◆ **EXERCISE DETAILS**:
The answer is to be the lines below that lie between the line holding "This look embraces" and the line holding "ブラックパンツ サマーカジュアルハイウェスト薄手 夏物", inclusive, transcribed exactly and free of pictures.

[Start of Attachment]

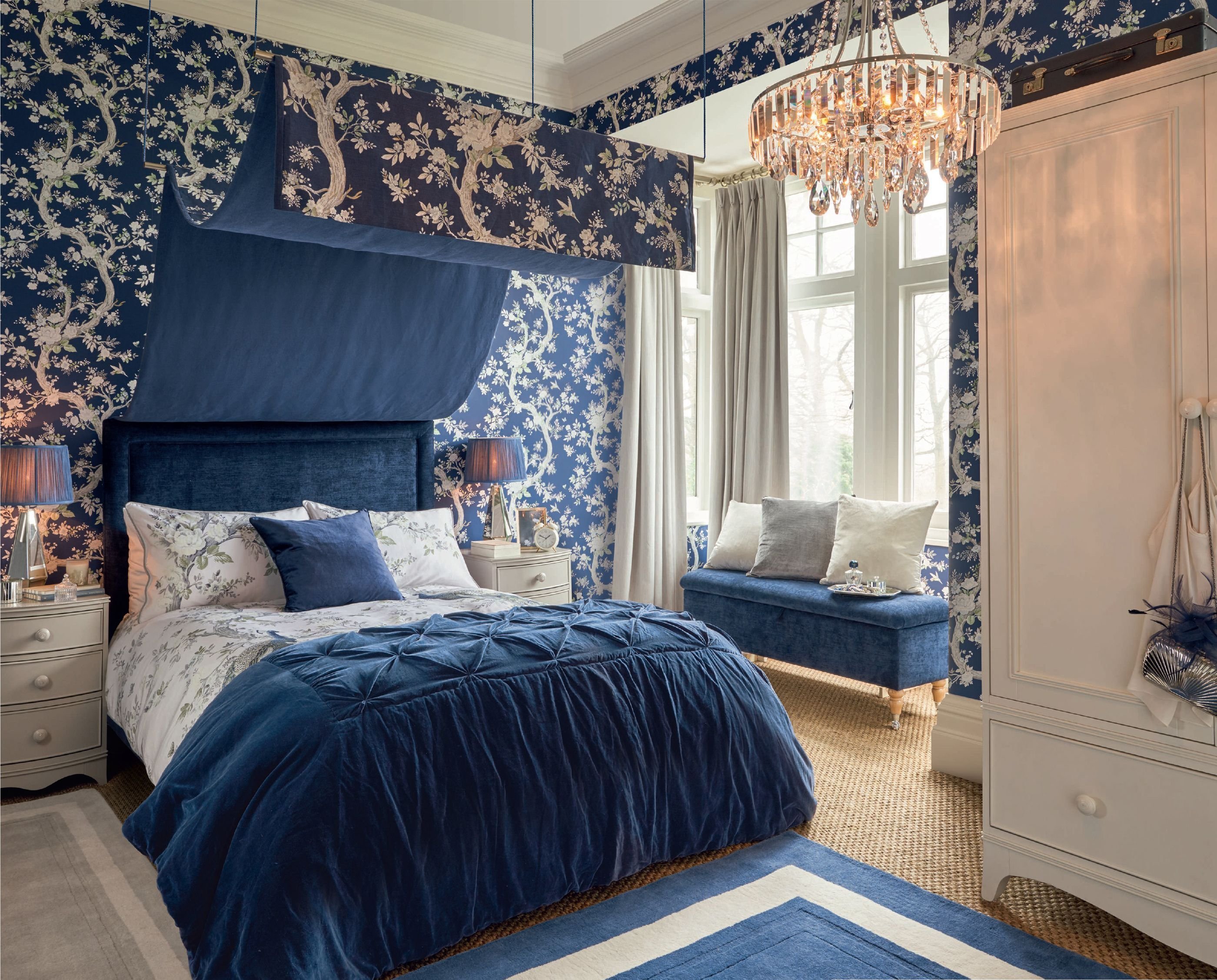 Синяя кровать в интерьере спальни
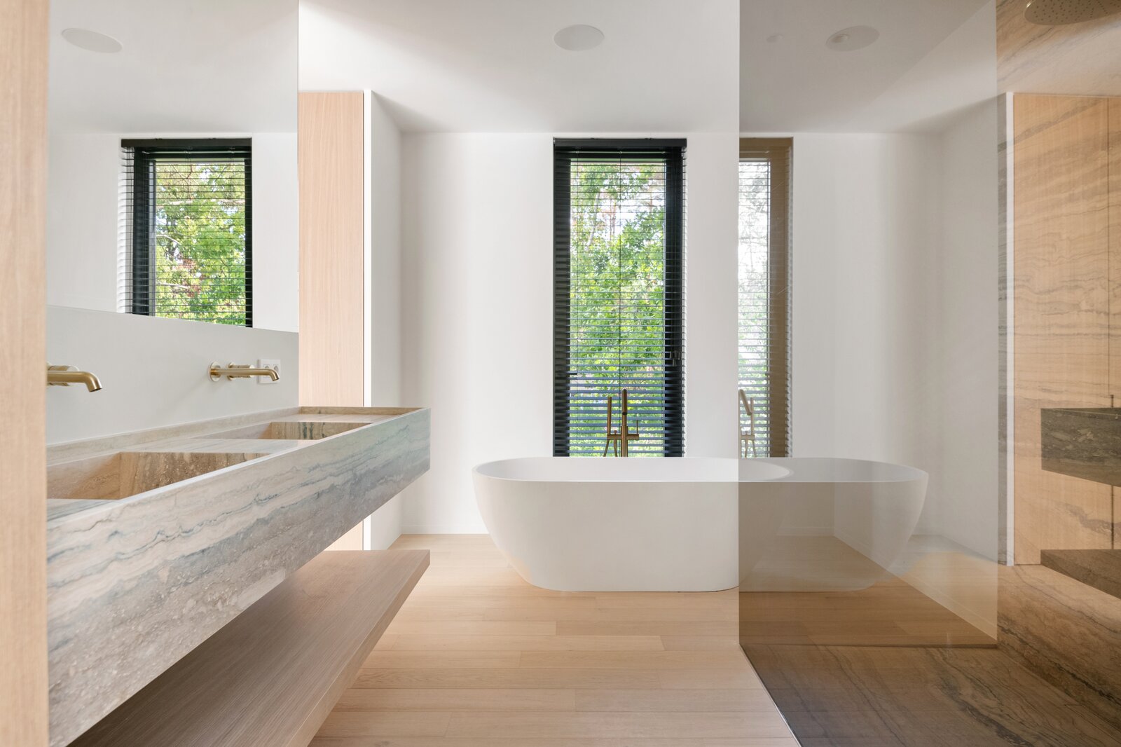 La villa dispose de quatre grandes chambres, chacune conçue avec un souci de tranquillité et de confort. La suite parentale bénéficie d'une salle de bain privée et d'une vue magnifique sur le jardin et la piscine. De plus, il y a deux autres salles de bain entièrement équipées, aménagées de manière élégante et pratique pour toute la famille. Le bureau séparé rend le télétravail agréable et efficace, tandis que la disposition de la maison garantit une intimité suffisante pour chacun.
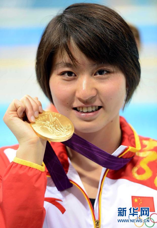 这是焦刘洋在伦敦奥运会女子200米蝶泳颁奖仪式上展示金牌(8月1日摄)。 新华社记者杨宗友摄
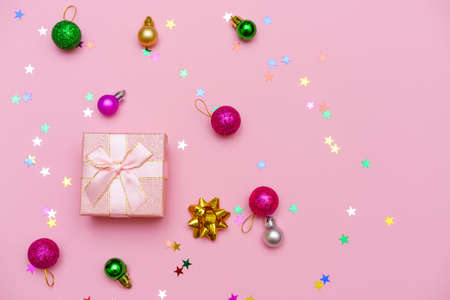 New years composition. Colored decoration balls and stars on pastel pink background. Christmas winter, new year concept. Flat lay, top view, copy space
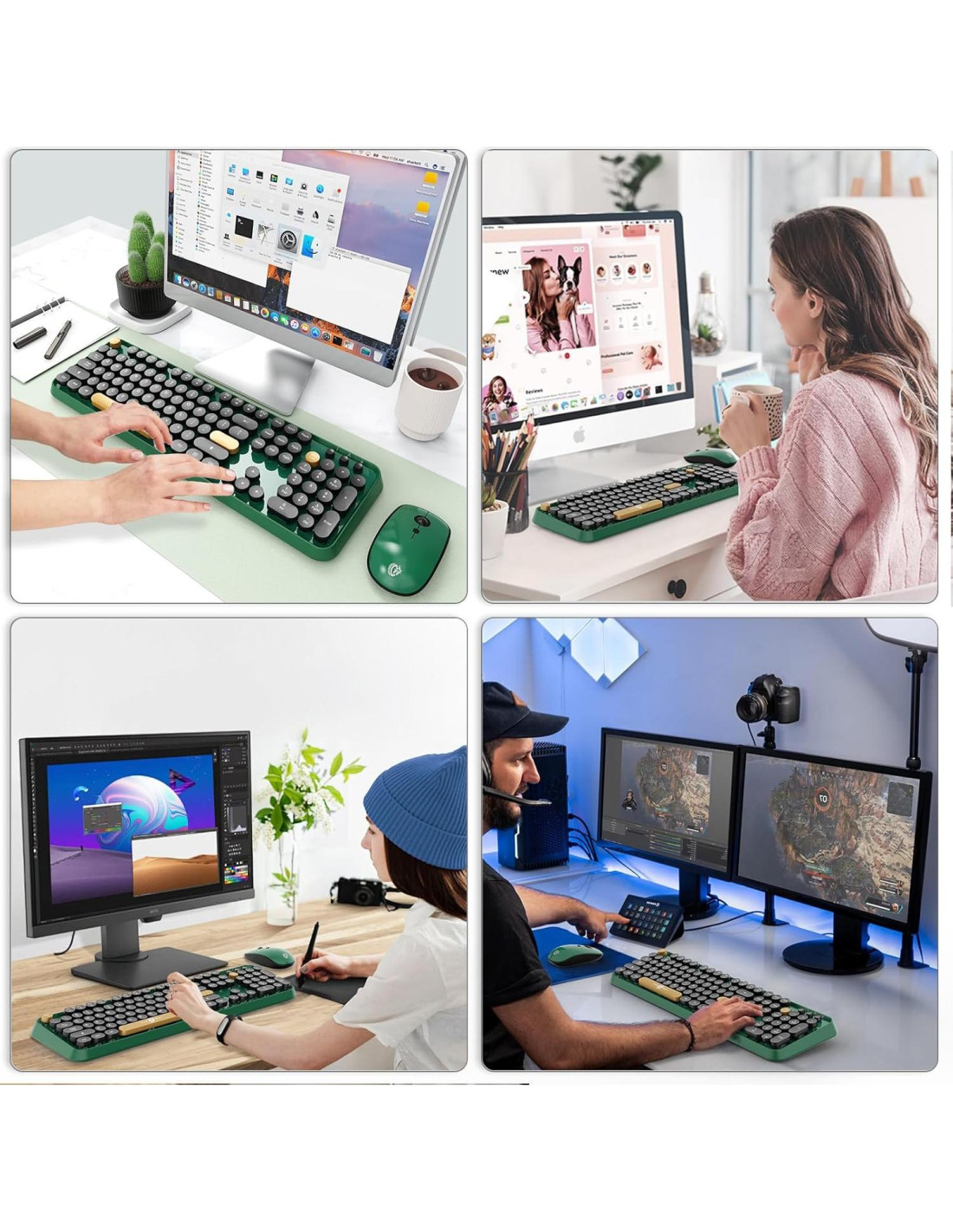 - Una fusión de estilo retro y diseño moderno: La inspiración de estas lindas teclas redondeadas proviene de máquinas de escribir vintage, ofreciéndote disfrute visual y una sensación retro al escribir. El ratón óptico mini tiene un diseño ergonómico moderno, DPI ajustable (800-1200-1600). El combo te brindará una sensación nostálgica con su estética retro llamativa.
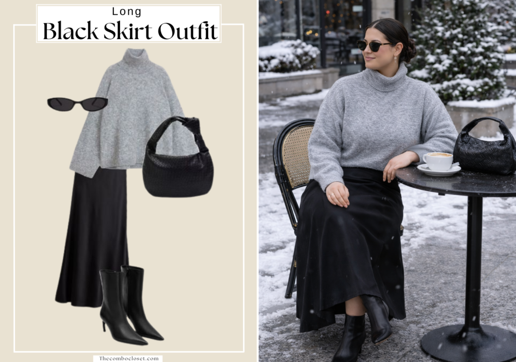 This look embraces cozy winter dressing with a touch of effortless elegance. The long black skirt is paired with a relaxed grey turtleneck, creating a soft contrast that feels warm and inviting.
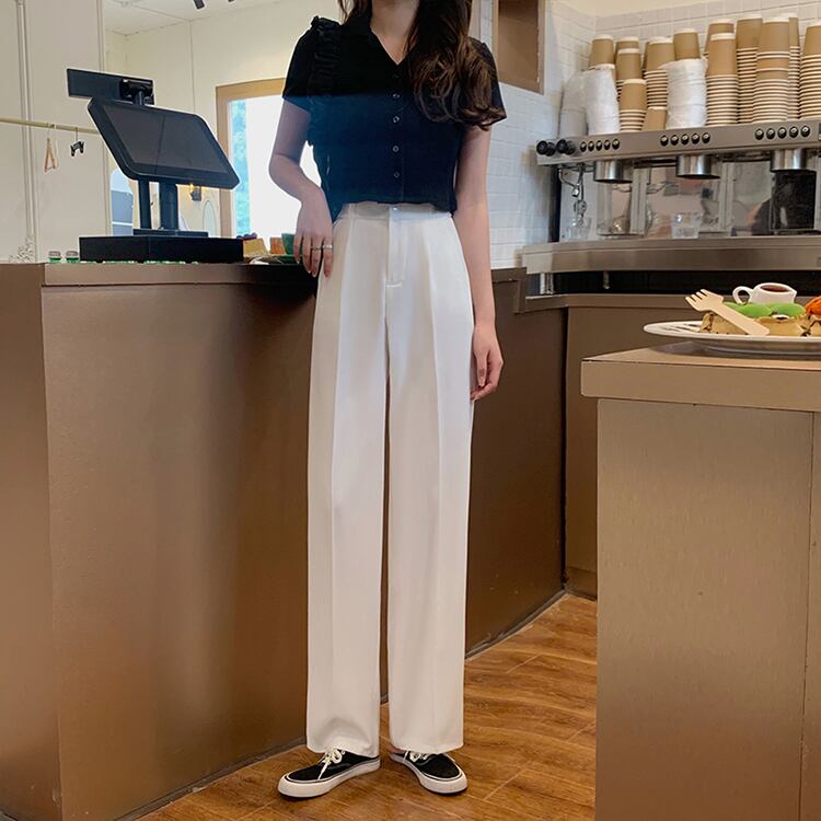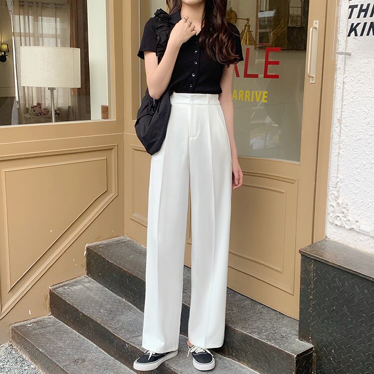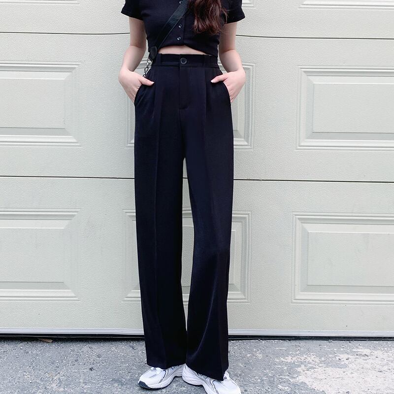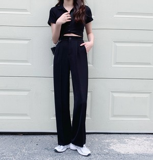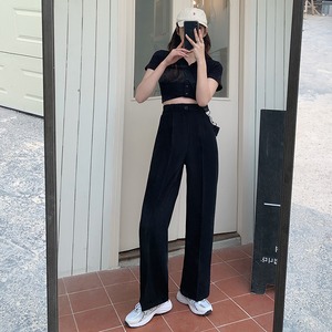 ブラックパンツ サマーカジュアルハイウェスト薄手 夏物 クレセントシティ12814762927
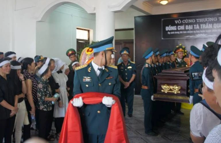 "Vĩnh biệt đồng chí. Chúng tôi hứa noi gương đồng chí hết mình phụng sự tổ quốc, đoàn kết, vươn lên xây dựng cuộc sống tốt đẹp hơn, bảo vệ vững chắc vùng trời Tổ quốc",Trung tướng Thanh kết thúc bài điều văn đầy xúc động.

[End of Attachment]

◆ **THE COMPLETED TASK**:
 This look embraces cozy winter dressing with a touch of effortless elegance. The long black skirt is paired with a relaxed grey turtleneck, creating a soft contrast that feels warm and inviting.
 ブラックパンツ サマーカジュアルハイウェスト薄手 夏物 クレセントシティ12814762927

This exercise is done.